» **PROBLEM DETAILS**
Repeat verbatim, and only, the lines of the data below, beginning at the line that contains "Встраиваемый карданный светильник." and stopping after the line that contains "Note: Unit now".

» **DATASET EXTRACT**

☆ ☆ ☆

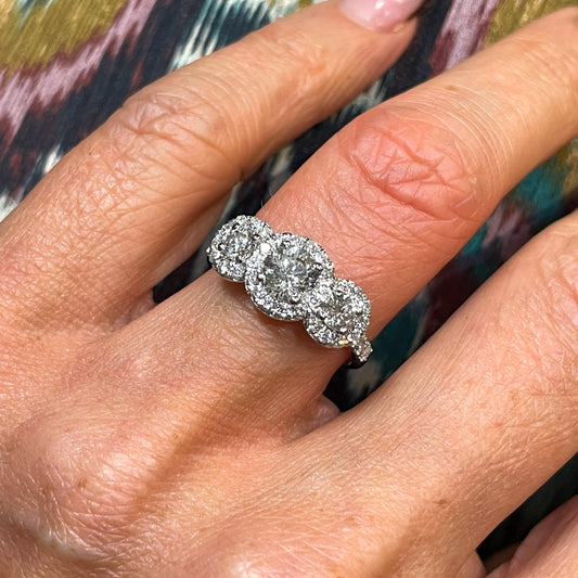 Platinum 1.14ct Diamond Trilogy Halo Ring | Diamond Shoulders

☆ ☆ ☆

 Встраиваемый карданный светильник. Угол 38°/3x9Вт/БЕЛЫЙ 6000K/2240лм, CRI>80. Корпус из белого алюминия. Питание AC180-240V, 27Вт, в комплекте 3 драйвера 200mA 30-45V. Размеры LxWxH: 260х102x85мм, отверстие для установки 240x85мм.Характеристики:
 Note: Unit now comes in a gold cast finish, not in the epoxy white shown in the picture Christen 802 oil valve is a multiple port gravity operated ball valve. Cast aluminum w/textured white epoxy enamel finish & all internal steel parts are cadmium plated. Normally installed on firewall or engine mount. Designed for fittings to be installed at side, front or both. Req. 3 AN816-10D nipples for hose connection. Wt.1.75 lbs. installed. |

☆ ☆ ☆

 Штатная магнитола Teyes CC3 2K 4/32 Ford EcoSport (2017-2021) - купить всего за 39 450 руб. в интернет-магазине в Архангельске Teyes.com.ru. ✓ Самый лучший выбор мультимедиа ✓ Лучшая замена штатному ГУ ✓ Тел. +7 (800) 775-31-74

☆ ☆ ☆

» **SOLUTION FOR THIS TASK**
 Встраиваемый карданный светильник. Угол 38°/3x9Вт/БЕЛЫЙ 6000K/2240лм, CRI>80. Корпус из белого алюминия. Питание AC180-240V, 27Вт, в комплекте 3 драйвера 200mA 30-45V. Размеры LxWxH: 260х102x85мм, отверстие для установки 240x85мм.Характеристики:
 Note: Unit now comes in a gold cast finish, not in the epoxy white shown in the picture Christen 802 oil valve is a multiple port gravity operated ball valve. Cast aluminum w/textured white epoxy enamel finish & all internal steel parts are cadmium plated. Normally installed on firewall or engine mount. Designed for fittings to be installed at side, front or both. Req. 3 AN816-10D nipples for hose connection. Wt.1.75 lbs. installed. |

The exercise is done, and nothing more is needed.